I recently wrote this (https://github.com/jamesob/clii) because I can't stand click and got sick of having to check the argparse docs every time I wanted to write a CLI. I guarantee you'll spend a tenth of the time trying to figure out how to use this thing, it has no dependencies, and is implemented in a single vendor-friendly file.


There is also Typer[1]

[1] https://github.com/tiangolo/typer


Similar interface, different design goals. This lib has 6x the code, dependencies, and isn't as easy to vendor/audit.


Yep, good work! Though I do think the name "clii" could generate some confusion. Maybe not though.


Thanks!


Does it handle help automatically? If not, and you think that'd be a valuable addition, I would like to take a crack at implementing it :)

What I mean is if you execute script.py help, it will print out the possible options, along with their docstrings, or maybe just the first line.


It does parse docstrings in a very basic way (https://github.com/jamesob/clii#help-text-from-docstrings) but if you end up hacking in something you want, PRs are welcome.


You really nailed this, imho. Awesome work.

What is the reason for requiring Python >=3.7?


Thanks. That's a really good point - maybe it's usable on earlier versions. Can't remember why I thought otherwise, will have to test.


This looks really good actually - bullshit-minimising. Will check it out.


I personally enjoy using https://github.com/google/python-fire nowadays.

-- it's probably not the most flexible tool, but IMHO it's the one with the best API: fire.Fire(obj) and everything else is taken care of ;)

p.s.: for lazy imports, just don't put them in the top of your module in the entry point.


Fire plays nice with package entry_points as well.

Here's a very minimal CLI for one of my PyPI packages: https://github.com/minimaxir/aitextgen/blob/master/aitextgen...

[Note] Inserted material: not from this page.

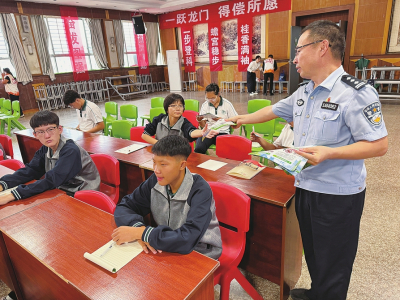 9月4日,临汾戒毒所“星火”禁毒宣讲团民警联合襄汾禁毒社工,走进襄汾县职业高中,开展了一场禁毒宣传教育活动。 此次活动以课堂式教学为主,发放宣传资料、参观毒品仿真模型为辅的模式,系统讲解了毒品的分类及危害。宣讲团民警着重介绍了第三代毒品——新型精神活性物质,强调了青少年面对毒品诱惑时应保持的正确心态与行为准则,并普及了打击毒品犯罪的相关法律法规及举报方法,鼓励学生与家人共学,提升家庭防范意识。图为民警为学生分发禁毒资料。

I concur. I've found argparse to be more straightforward and also has the benefit of being part of python itself.


Click has one feature which is huge for me: parsing env variables following some pattern eg MYAPP_FOO.

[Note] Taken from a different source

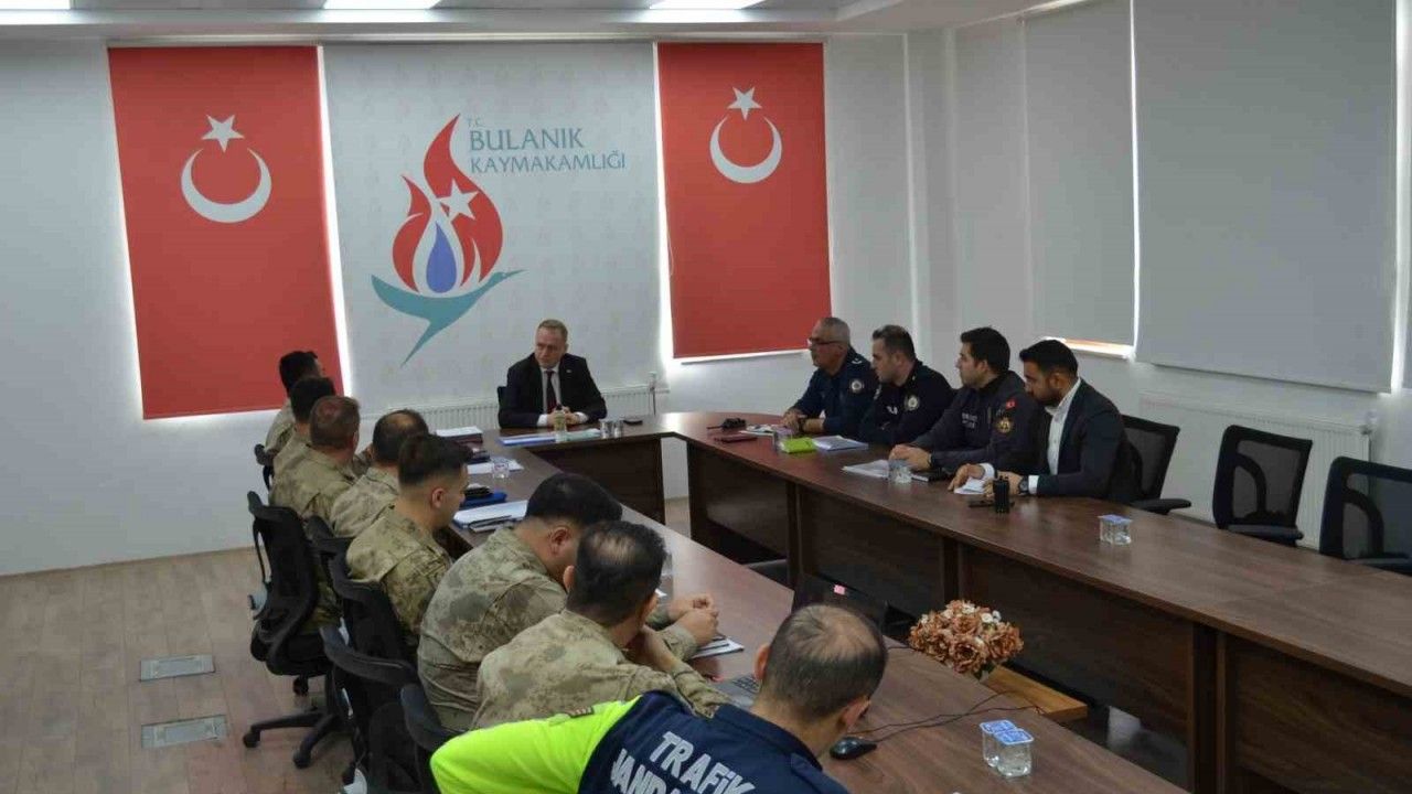 Bulanık Kaymakamlığı ev sahipliğinde gerçekleştirilen toplantıda, ilçenin genel asayiş tablosu, suçla mücadele stratejileri ve kamu düzenini korumaya yönelik atılacak yeni adımlar geniş bir perspektifle ele alındı. Kaymakam Ömer Övünç Koşansu’nun başkanlık ettiği toplantıya; İlçe Emniyet Müdürü Engin Arli, İlçe Jandarma Komutanı Üsteğmen Kazım Tüysüz, karakol komutanları ile emniyet ve jandarma birimlerinin operasyonel şube amirleri katıldı.

For lazy import - You can do it with click, too, just put your imports in your entrypoint functions.

Click isn't minimalistic though. Nor is poetry or pyenv. Seems to be the main complaints about the article.


Configargparse is a great drop in replacement for argparse that I use to handle bridging env vars with cli flags

https://pypi.org/project/ConfigArgParse/


YES I need this in my life! Tried searching for such a thing but I guess had the wrong keywords.


I agree; click's approach is like some kind of old-school 4GL that tries to automatically create GUI elements from your database tables, except mapping CLI to functions in your modules. People should be putting enough thought into their CLI that Click doesn't really help them much.


absl.flags[1] is another pretty good option.